Thursday, 20 November 2014

Otter Cubs

Today was another fantastic day; though not very warm we had sunshine all day bringing the best out of the autumn colours.    I would never have advised anyone to visit Skye in November, but after yesterday and today, I have changed my mind.  There are two things predictable about the weather on Skye, firstly its unpredictability, and secondly the worthlessness of Met Office forecasts.
Loch Ainort and the Red Hills
Not wanting to waste a brilliant day, we spent it on the croft looking for wildlife, particularly the otter family we saw yesterday.   Around 10am I saw them in the little sandy bay west of the croft (coarse sand / fine shingle would be a more accurate description)   I went out in the canoe and saw one of the cubs camouflaged in the kelp but there was no sign of the mother or the other cub.

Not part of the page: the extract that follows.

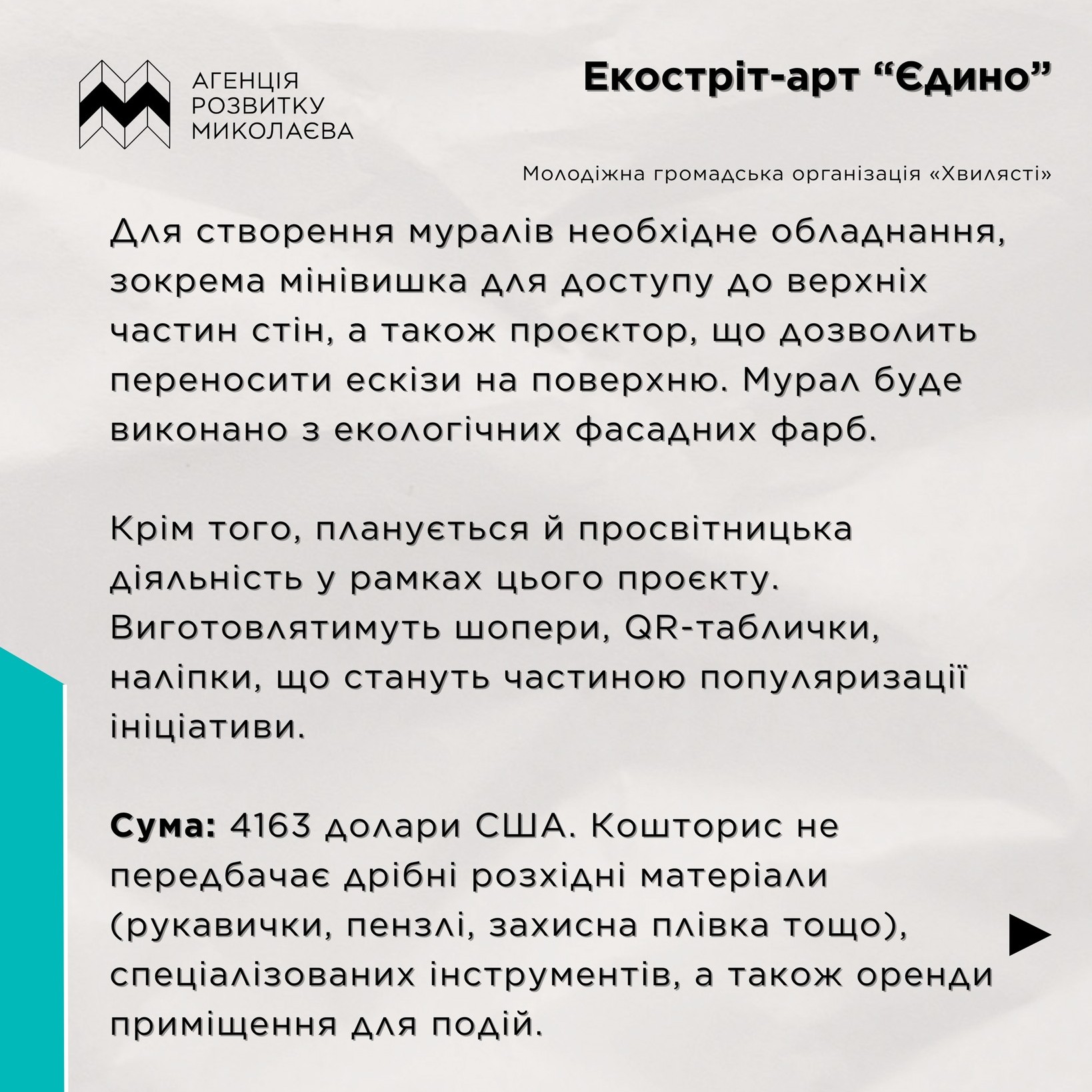 🎨 Екостріт-арт «Єдино» — створення п’яти муралів з екологічними меседжами у публічному просторі Миколаєва. Їх розробляє та малює молодь (ескізи погоджені з організаторами). Мета — привернути увагу до змін клімату, свідомого споживання та стану довкілля.

After a picnic lunch I went out again and this time found the two cubs and watched them for thirty minutes or more.   I took the canoe in fairly close but not too close to scare them.   In and out of the water, up and under the kelp, coming close to the canoe in an innocent, inquisitive way. And almost fearless.

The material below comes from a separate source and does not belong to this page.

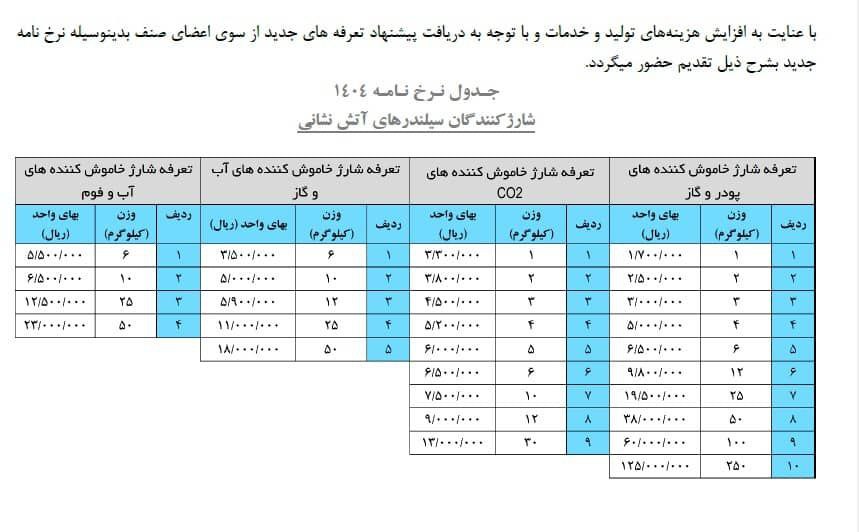 لیست قیمت شارژ خاموش کنندههای آتش نشانی (کپسول های آب و فوم) سال 1404

All the while I was wondering where the mother was; yesterday she had never been more than 5 metres from the cubs; today it looked as though they had been abandoned.   At about 15.30, back on land, I saw the cubs still where they had been, but still no mother.  Concerned for their welfare, because they cannot fend for themselves, I had a discussion with Grace Yoxon at the International Otter Survival Fund ( in Broadford.   I thought they were younger than they were - Grace estimated that they are three months old (I had not had time to work out their size and hence age from the measurements I made of one of the rocks they perched on) so we concluded that they would probably be fine, but I went back again just as it was getting dark and the tide was coming in.   They had gone, so fingers crossed, just a case of a home-alone cubs.